Does it have to be a year? If not try a seasonal type deal. Along those lines are you shooting outside or indoors? If indoors it would be easier to pull off (not impossible outside either). You can make use of wardrobe and other props/backdrops to suggest the seasonal changes and even make use of some color grading to help set the tones and sell the mood. Make them break-up in the winter to a cold, blue tint to the picture and then reignite the spark, the heat, the passion in a warm, reddish summer. You could play with the changing of feelings through spring as blue morphs to red with the talent doing their thing showing how they miss each other and keep thinking about each other. That's one possibility. Good luck.
 
If it’s literally a year, then you obviously end up back where you started, but just a year later.
If that is what you are going for to accommodate like ease of out door shots, then it can work, but it could also be confusing if the time passage isn’t clearly conveyed.

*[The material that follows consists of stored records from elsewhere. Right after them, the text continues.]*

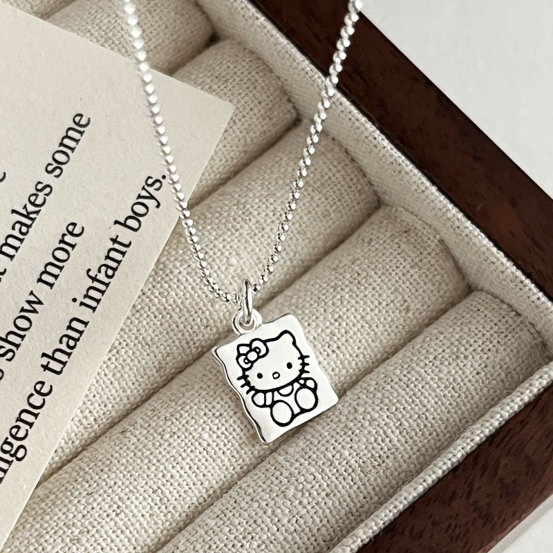 925 Sterling Silver Square Cat Necklace for Women Bright Silver Simple Cute Sweet Cartoon Childlike Clavicle Chain N7733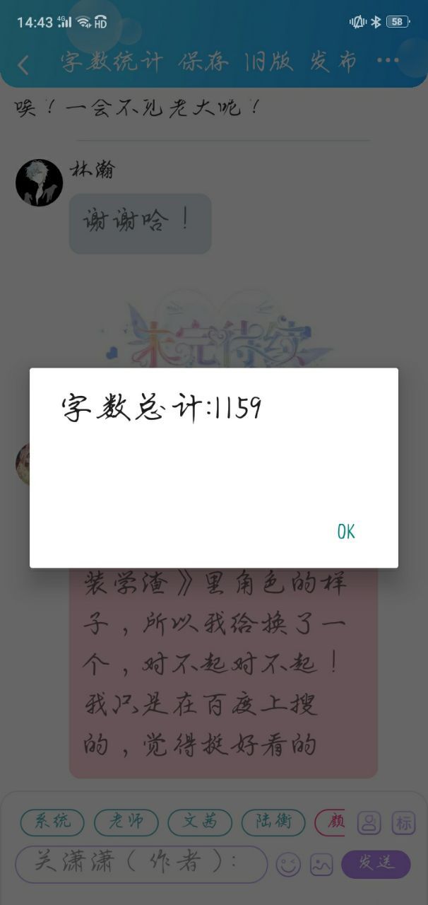 关潇潇(作者)由于我发现,林瀚的头像好像是用的《伪装学渣》里角色的样子,所以我给换了一个,对不起对不起!我只是在百度上搜的,觉得挺好看的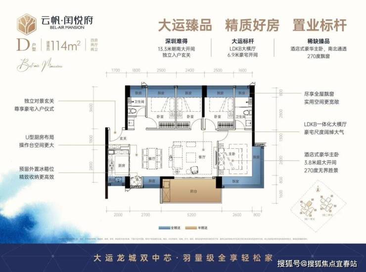 ◦ 114㎡四房:7.9米横厅+12.48㎡跑道阳台,得房率98.5%,区域稀缺,总价约460万,满足多孩家庭需求。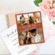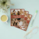 Orçamento elegante moderno script terracotta ferrugem laranja queimada boho deserto 3 colagem de fotos casamento save the date anúncio personalizado acessível baixo orçamento flyer. Design minimalista chique modelo apresenta três (3) colagem de fotos do casal e tipografia elegante cursiva mão letra script texto „Save the Date”.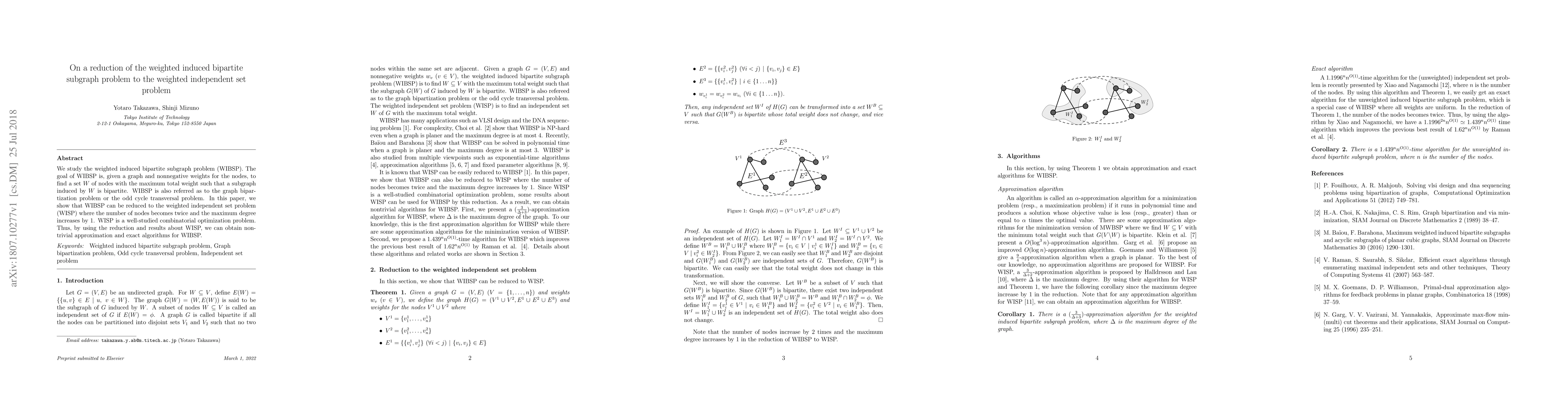 This paper demonstrates that the weighted induced bipartite subgraph problem (WIBSP) can be reduced to the weighted independent set problem (WISP), allowing the application of existing WISP algorithms to develop approximation and exact solutions for WIBSP. The reduction doubles the number of nodes and increases the maximum degree by 1.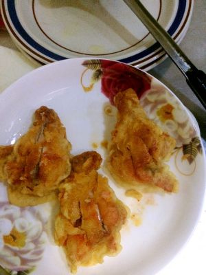 鸡翅根划几道加入姜粉,蒜粉,糖,料酒,胡椒粉等生抽淹入味(因为时间不允许所以去超市买腌好的翅根,奥尔良口味的,回来最好洗一洗,太咸了)

A quick seasonal time-lapse between the final word of the break-up and the start of the music can also work, but it might seem crammed into the short space of a few beats between break-up and start of music. It all depends how it’s done.

Maybe you need something a bit simpler, direct and more along the lines of what you are trying to avoid with the SUPER: ONE YEAR LATER.

Edge of an answering machine in the foreground next to a little desk calendar-
Answering machine blinks 0 messages –
Calendar shows month and year-
Tilt up to a window–
Night becomes day in time-lapse (Real or artificially lit) –
Tilt down-
Calendar shows a month close to a year later AND a different year-
Answering machine blinks with 375 messages-
Phone rings-
Music starts.


How you might maintain the notion that time has passed (if you have to) could have consdierations for seasonal props, lighting, wardrobe, make-up etc.

-Thanks-
 
Dont forget that the lyrics (if its a song with words) might give the viewer plenty of information about the time change. Lyrics = Narration .

Also, as most lyrics are telling the story from the point of view of the "present day" start in the present.. and when its time to talk about the past, use flashback techniques.. old home movies of the "happy days" etc.. everyone knows a flashback when they see it..
 
It's better if you can figure out a way that is also a part of the story.

Best example I can think of off the top of my head: The Shawshank Redemption.

Remember those posters of Rita Hayworth, Marilyn Monroe, and Raquel Welch?

He covered up his escape tunnel with those posters too.
 
Don't know what your budget is, but maybe a way of showing it through either seasons or holidays? A scene with Valentines, a scene with easter, summer scenes(beach stuff), fall(raking leaves?), Halloween, Thanksgiving, ect). Stuff that shows the progress of the year, even if you don't have rain/snow equipment, the way they are dressed can go a long way.
 
Keeping a budget in mind, I would say hair change is the best, or maybe driving a different car? A little weight loss(pad the shirt a little). Piercings? I don't know I'm just spitballing.
 
Instead of looking for generic ideas about time, you should really be thinking about ways that suit the material. (The Shawshank example does this)

Is a year a long time (for an argument, maybe), or a short one (because I will love you forever)? Should dandelions blossom in time-lapse, or the Earth spin furiously through space? What's the scale? Should Bush give way to Obama? Should 30-foot phone cords give way to cordlesses and mobiles? Should Britney make way for (or out with) Gaga? Broken arms, broken hearts, tattoos revised, new cars, old cars, new skills... if you have a clear connection to story then your choices will be the right ones.

Generic choices = generic film = yawn. Change channel to next 20 youtube suggestions.